Analysts: Ukraine’s constitutional reform is one year late

Ukraine could have avoided both the civil war and economic collapse, had the authorities in Kiev launched a constitutional reform matching the interests of the Russian-speaking population of Donbas a year ago, polled experts have told TASS.

At the end of February 2014, immediately after power in Ukraine changed hands, the Verkhovna Rada voted for a bill declaring Ukrainian as the sole state language, while Russian was given the status of a regional language. Although the Ukrainian president has not signed the bill into law, the proposed controversial piece of legislation sparked unrest in the southeast of the country. On April 15, Kiev launched what it called an "anti-terrorist operation", which has now ended in utter failure. According to the UN Office for the Coordination of Humanitarian Affairs, by the end of March 2015 the hostilities had claimed 6,083 lives and left 15,397 people injured. The United Nations has registered 1,178 million refugees, with the population of the Donetsk and Lugansk regions on April 1, 2014 standing at 6.568 million.
Last May, referendums in the southeast of Ukraine proclaimed the Donetsk and Luhansk people’s republics. By coincidence, exactly one year after Donetsk and Lugansk shrugged off Kiev’s control President Pyotr Poroshenko on Monday, February 6 declared the beginning of a constitutional reform.
The director of the Globalization Problems Institute, Mikhail Delyagin, argues that the constitutional reform in Ukraine is at least one year late. "Moreover, the country’s decentralization which the head of state has proposed in reality is deceit, just as many other fine intentions proclaimed by the authorities in Kiev," says Delyagin, a member of the international discussion club Valdai. "The constitutional reform promises no real local self-government rights to the regions in question. Naturally, the leaders of the Donetsk and Luhansk republics do not support it," Delyagin told TASS.
"The main result of this year for Ukraine is naked-clear. Attempts to suppress the legitimate demands of the population in the southeast with military force, in fact, a variety of Nazism, has proved loss-making economically. In January through March Ukraine’s inflation sky-rocketed. Kiev predicts this year’s economic slump of 5.5%, but in reality the economy will be down by more than 10%, as follows from Kiev’s official statistics. Kiev’s analysts are not to be trusted. The authorities in Kiev say the work load on the Donetsk airport in 2014 declined by 70% But the whole world knows that nothing but ruins is now left of the once busy air hub," Delyagin recalls.
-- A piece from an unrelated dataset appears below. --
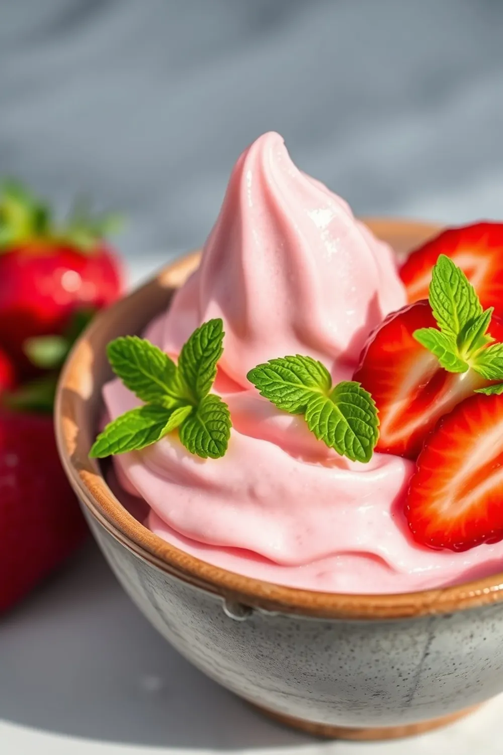 Finally, before serving, let it thaw at room temperature for about 15 minutes. Scoop into bowls, garnish with fresh strawberries, and enjoy!

He suspects that the constitutional reform talk is just a ploy, a cover-up of preparations for resumption of combat operations against the Donetsk and Luhansk republics. Of late, the Ukrainian military stepped up the bombardments of Donetsk. In order to keep at bay the frustrated 35-million population who see no economic prospects for themselves Kiev has just one resource left - going ahead with the so-called ‘anti-terrorist operation’ in an attempt to excuse its current policies," Delyagin believes.
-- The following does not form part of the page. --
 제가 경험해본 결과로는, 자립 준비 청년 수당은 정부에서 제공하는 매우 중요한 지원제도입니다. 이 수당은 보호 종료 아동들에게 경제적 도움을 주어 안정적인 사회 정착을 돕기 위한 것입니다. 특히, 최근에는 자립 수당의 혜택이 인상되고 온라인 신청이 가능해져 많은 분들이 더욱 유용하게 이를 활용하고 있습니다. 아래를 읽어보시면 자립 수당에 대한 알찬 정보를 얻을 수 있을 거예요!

The head of the international development directorate at the Institute of Modern Development (INSOR), Sergey Kulik, says the military crackdown on Ukraine’s southeast has had a multiple effect: heavy casualties, large-scale destruction in Donbas and the collapse of the Ukrainian economy. The hostilities have kept foreign investors away from Ukraine. The tranches the IMF and the European Union have agreed to grant are way below Kiev’s real needs. The country’s gold and foreign exchange resources have dwindled as war spending has soared. In fact, the country is bankrupt," Kulik told TASS.
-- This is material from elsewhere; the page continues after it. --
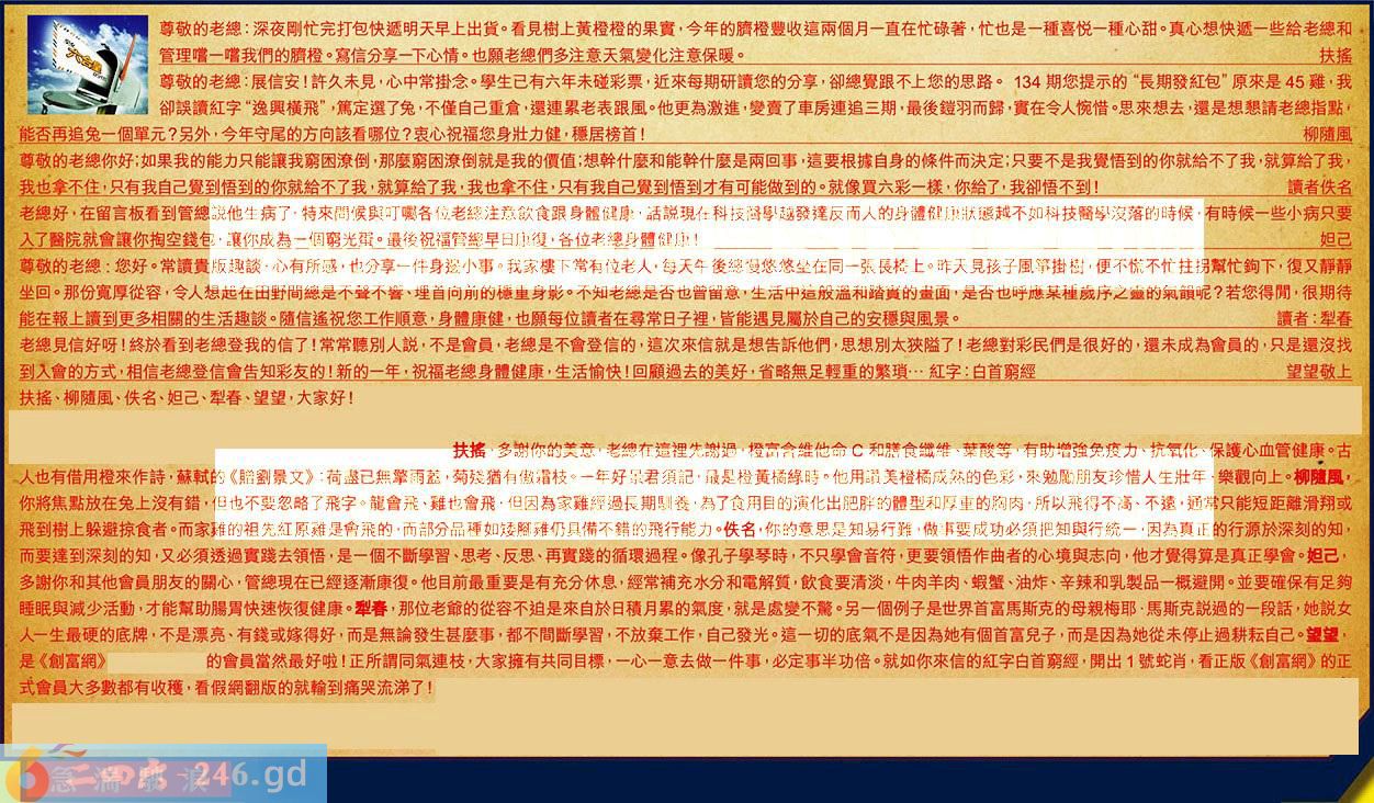【6】.老總見信好呀!終於看到老總登我的信了!常常聽别人説,不是會員,老總是不會登信的,這次來信就是想告訴他們,思想別太狭隘了!老總對彩民們是很好的,還未成為會員的,只是還沒找到入會的方式,相信老總登信會告知彩友的!新的一年,祝福老總身體健康,生活愉快!回顧過去的美好,省略無足輕重的繁琐...紅字:白首窮經望望敬上

"In February 2015 the International Monetary Fund agreed to extend a loan of $17.5 billion over a period of four years, but the country remains on the brink of default. After the government coup in Kiev in February 2014 that propelled the current authorities to power Ukraine has managed to get only three billion dollars of the $15 billion Russia had promised," he recalled.
"The West is unable to cope with the task of settling the crisis in Ukraine and preventing the country’s economic collapse on its own, without Russia’s participation," he went on to say. "This explains why Angela Merkel and Francois Hollande came up with the idea of concluding the Minsk Accords and why in Brussels the possibility is being explored for cooperation between the European Union and the Eurasian Economic Community," Kulik explained.
"Ukraine is fragmented: there is the ruling establishment and the people. Their interests are different," the director of the Center for Military and Political Studies at the Moscow Institute of International Relations, Aleksey Podberyozkin, has told TASS. "For fly-by-night rulers last year was an excellent chance to build up personal wealth. The former governor of the Dnepropetrovsk Region, Igor Kolomoisky, is an example. In the meantime, the living standards of Ukraine’s population have slumped by two-thirds. The country has experienced deindustrialization, and with the exodus of able-bodied and draft-age population to Russia and to Europe Ukraine has developed a distinct depopulation trend. Moreover, even the rather artificial entity called the Ukrainian citizens has ceased to exist," Podberyozkin said.
"Geopolitically the United States, which provoked the government coup in Kiev, had attained its aims by creating a trouble spot near Russia’s border and a sanitary cordon between Russia and the European Union," he concluded.